Les Olympiades de Jacques Audiard
Neue Visionen Filmverleih- Memento

Celle qui campe une polyamoureuse dans le vibrant Les Olympiades raconte sa première expérience sous la direction du cinéaste.

Que représentait Jacques Audiard pour vous avant de tourner avec lui ?

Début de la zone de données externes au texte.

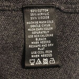 Grey cowl neck lace design on neck and sleeves. Light weight, poly/acrylic/viscose blend. Gently used condition.
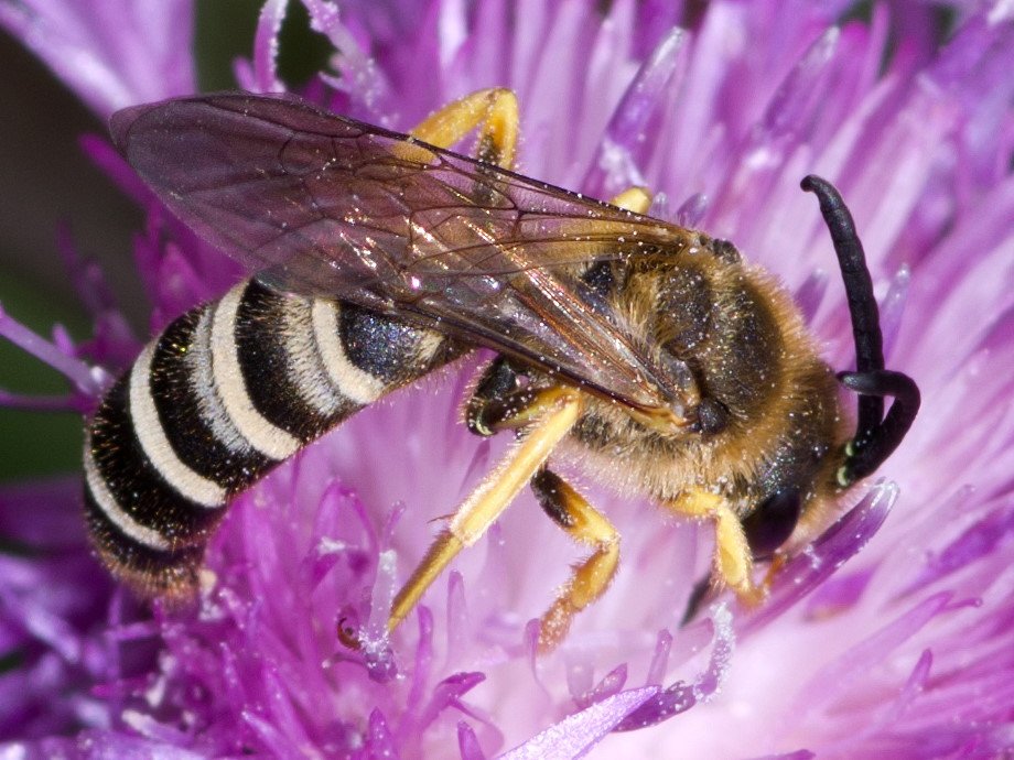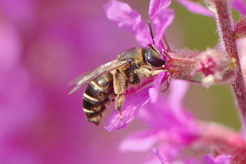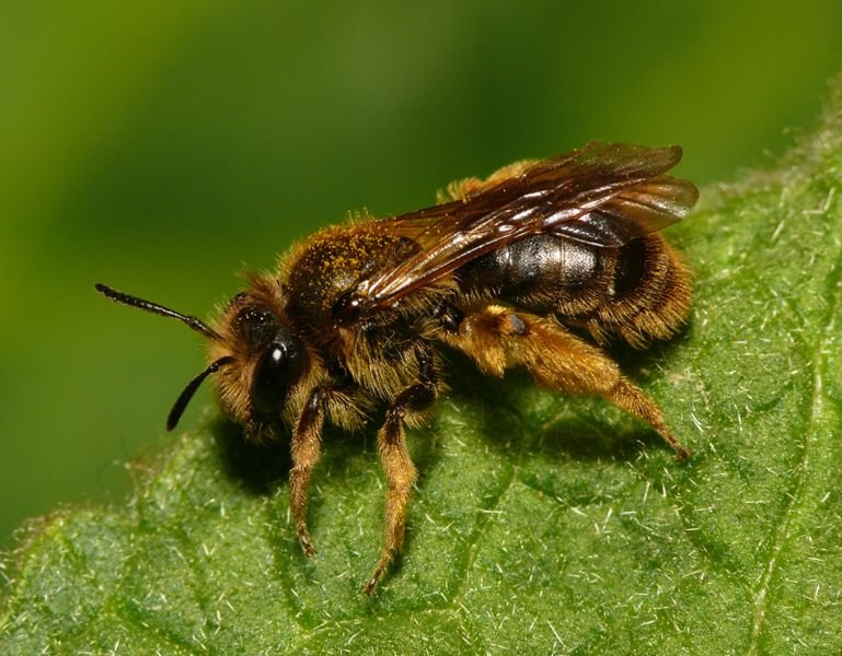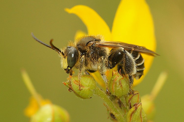 Er zijn heel veel wilde bijen, zo’n 360. En dan kunnen de mannetjes en de vrouwtjes er ook nog anders uitzien.
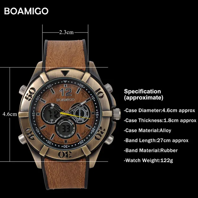 남성 듀얼 디스플레이 스포츠 시계 아날로그 디지털 LED 석영 시계 207 BOAMIGO 브랜드 선물 clockRetro 빈티지 펑크 시계 키 포인트: 1. 기능: 듀얼, 알람, stopwatches, 크로노 LED 빛, 날짜,, 달 2. 유형: 남성 스포츠 시계 3. 운동: 아날로그 디지털 듀얼 디스플레이 4. 스트랩 재질: 고무 5.30 메터 방수 6. 정확한 시간 7. 최고의 선물 크리스마스, 새해 생일 및 특징: 케이스 직경: 4.6 센치메터 약 케이스 두께: 1.8 센치메터약 케이스 meterial: 합금 밴드 길이: 27 센치메터 약 시계 weigth: 122 그램 밴드meterial: 고무
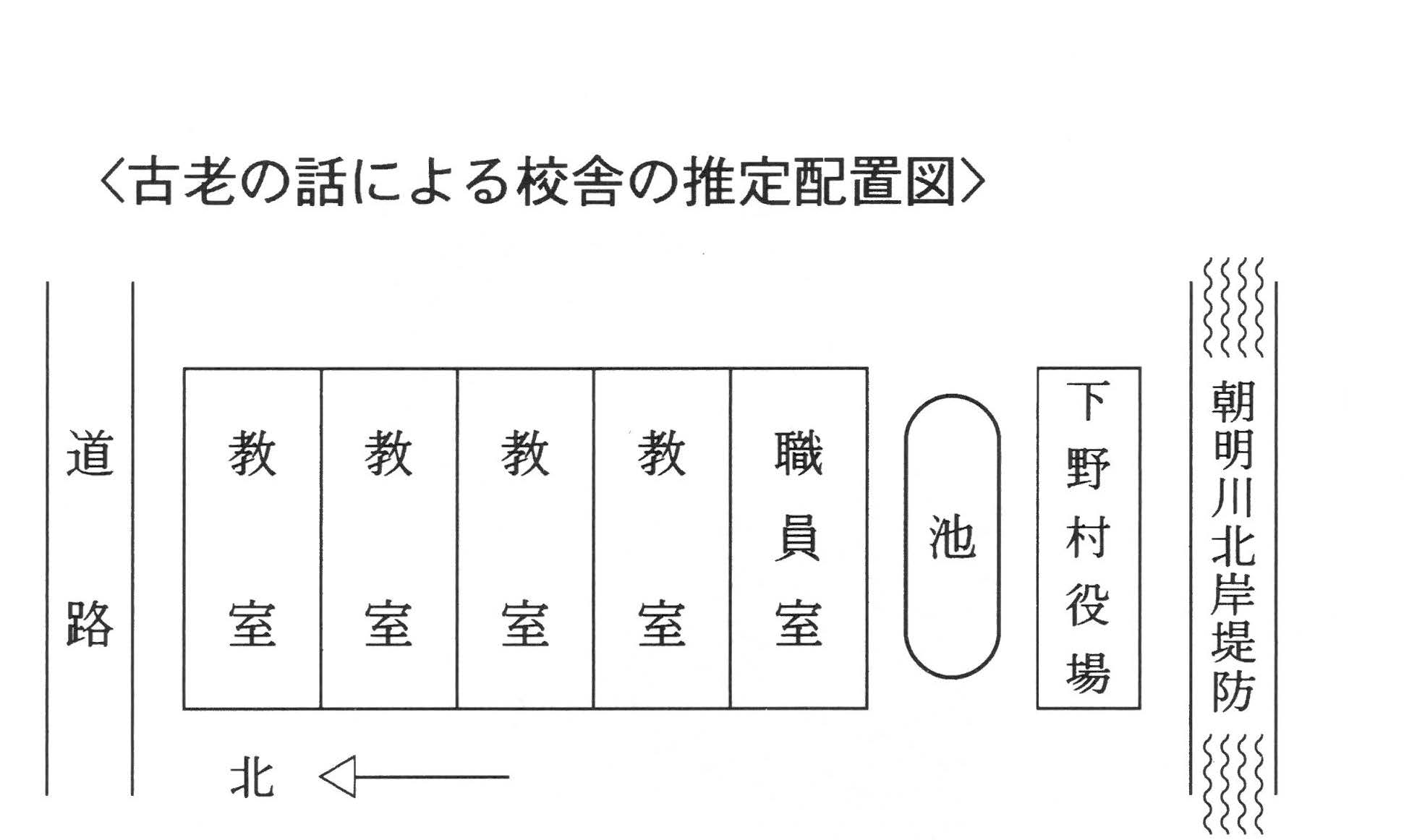 当時通学していた古老の話によると、朝明川堤防下に役場があり、小さな池をはさんで校舎が建てられていた。

Noémie Merlant : Il fait évidemment partie des plus grands cinéastes contemporains. Je l’avais découvert par Un prophète qui m’avait bouleversée. Et à chaque fois depuis, je suis complètement happée par ses personnages. Par ce qu’il fait faire à ses comédiens. Et par sa capacité à se réinventer. Quand je vais voir un Audiard, je suis comme une enfant qui sait qu’elle va avoir droit à une surprise tout en y retrouvant des choses que j’aime. Comme s’il allait chercher l’accident à chaque prise, à chaque scène. J’aime aussi sa capacité à raconter notre monde. Dheepan m’avait profondément marquée pour cette raison-là.

Est- ce que Les Olympiades marque une rupture dans son parcours selon vous ?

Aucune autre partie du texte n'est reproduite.